Bemies was also the first head basketball coach at Michigan Agricultural from 1899 to 1901, tallying a mark of 5–2, and the head coach of Michigan Agricultural's baseball team from 1900 to 1901, where his record was 4–10. According to one history of Michigan State University, Bemies was asked to resign after the poor showing of the football team in 1900: "The football team's poor performance in 1900, which ended with a 23–0 defeat by Alma, led the athletic association to ask for Bemies's resignation. Although the players saw Bemies as a 'good man,' they refused to play for him after the season ended."

==Pastor and evangelist==
After retiring from coaching, Bemies worked for two years as a country pastor in western Pennsylvania. He next served for 16 years as the pastor of the Presbyterian church in McClellandtown, Pennsylvania, a rural community located about 75 miles south of Pittsburgh. He remained at McClellandtown until the outbreak of World War I, when he left to serve as a chaplain. He also became prominent in Prohibition politics and briefly entered the newspaper business. One of his efforts as the pastor in McClellandtown was the construction of the "Brotherhood Building," a 72' by 42' structure including a gymnasium where the local boys played basketball, a kitchen, and an auditorium. In 1913, Bemies wrote an article on his experiences as a rural pastor that was published in a magazine called "Rural Manhood." He also wrote articles promoting issues such as good roads, better schools and scientific agriculture as means to promote the advancement of rural life.

In 1909, his presbytery sought to remove Bemies from his position at the church in McClellandtown, but he continued to serve when his congregation refused to accept any other pastor. Bemies later wrote about the circumstances leading to the attempt to remove him as pastor:"Our greatest drawback in the church work was the presence of several exceedingly active gossips and trouble makers. After four years of patient endurance the success of the work demanded that the practice stop, so we were forced to suspend a sister who was addicted to the habit. She immediately gathered on her side the other trouble makers, including the church boss and a few relatives and hangers-on, both in and out of the church. A majority leaders of Presbytery secured enough votes to forcibly remove me by vote from the official pastorate of the church against the unanimous vote and the protest of the congregation upholding me. It made no difference with the work, for I went right on just the same as before under the employment of the church as their supply."
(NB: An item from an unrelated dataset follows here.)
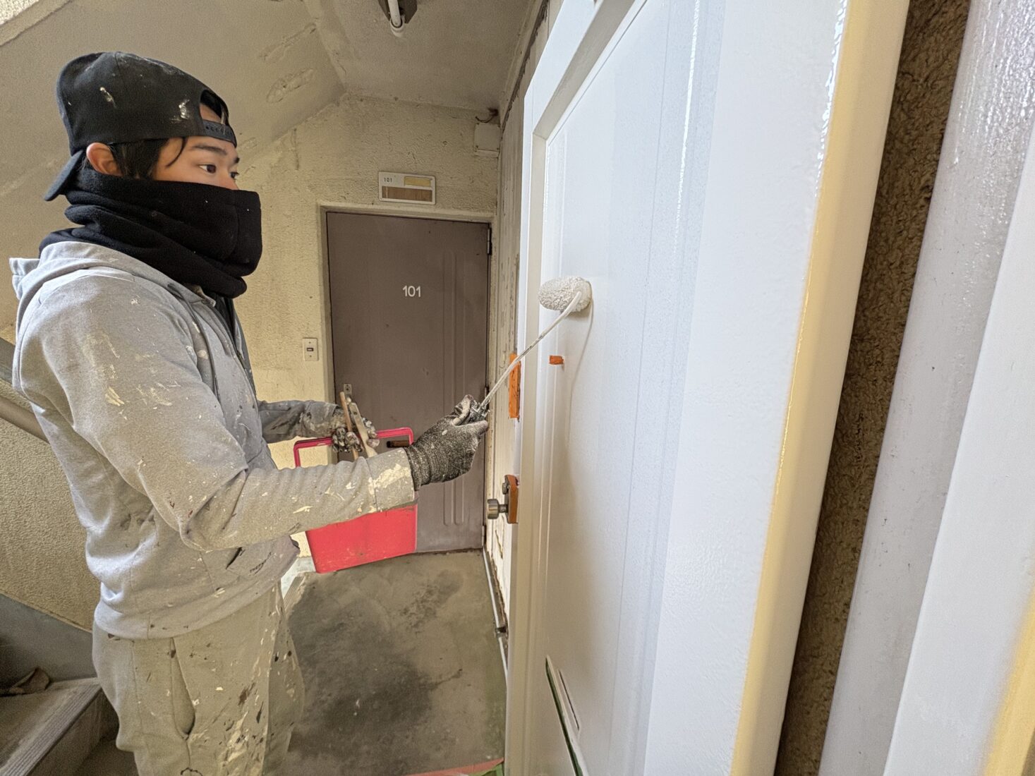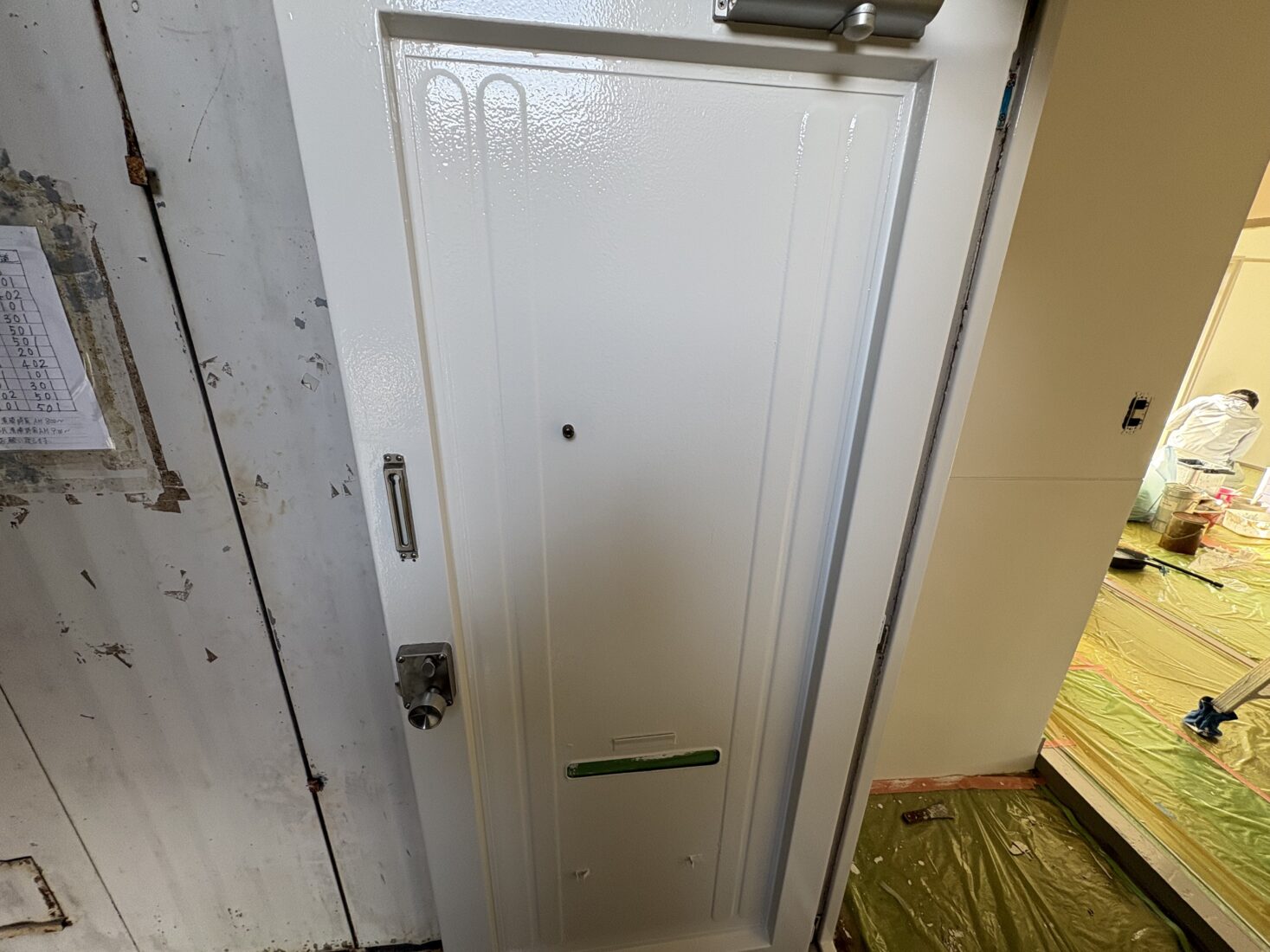 今日は、つくば市内の市営アパート室内塗装工事現場で、玄関ドアの仕上げ塗装、清掃作業を行いました。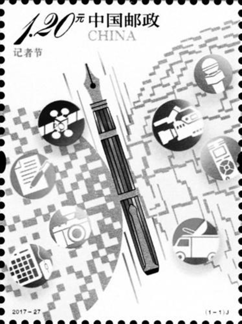 為紀(jì)念第18個(gè)記者節(jié)。中國(guó)郵政定于2017年11月8日發(fā)行《記者節(jié)》紀(jì)念郵票一套1枚。郵票圖案采用了具有現(xiàn)代感的構(gòu)成手法及色彩表達(dá)方式。畫(huà)面中的鋼筆象征了記者秉持弘揚(yáng)民族精神、維護(hù)國(guó)家利益和社會(huì)責(zé)任的專(zhuān)業(yè)精神和自信風(fēng)范。兩側(cè)的線(xiàn)條及方點(diǎn)構(gòu)成的兩個(gè)圓形圖案分別隱喻地球和現(xiàn)代網(wǎng)絡(luò)體系,表示在新媒體時(shí)代,新聞傳播媒介所呈現(xiàn)出的多元化、全球化的發(fā)展態(tài)勢(shì)。畫(huà)面中麥克風(fēng)、攝像機(jī)、錄音筆等形式各異的采編設(shè)備圖標(biāo),結(jié)合衛(wèi)星及地面發(fā)射站等元素,突出了當(dāng)代記者巨大的社會(huì)影響力。同時(shí),鋼筆和兩側(cè)的圓形圖案共同組成了一只振翅飛翔的蝴蝶形象,喻意了記者追求至善至美,在探訪(fǎng)報(bào)道中擔(dān)負(fù)著傳播先進(jìn)文化,引領(lǐng)和維護(hù)和諧社會(huì),推動(dòng)人類(lèi)文明的崇高使命和社會(huì)責(zé)任。

During the 1910s, he also worked as an evangelist in various locations in Pennsylvania.

==Europe and South Dakota==
In December 1917, Bemies was appointed to a YMCA commission to Russia as "an ambassador of American country life to the new republic." In a passport application dated December 21, 1917, Bemies wrote that the purpose of his trip was "YMCA Work" and that he would be traveling to "Russia entering Russia at Vladivostok and passing through Japan."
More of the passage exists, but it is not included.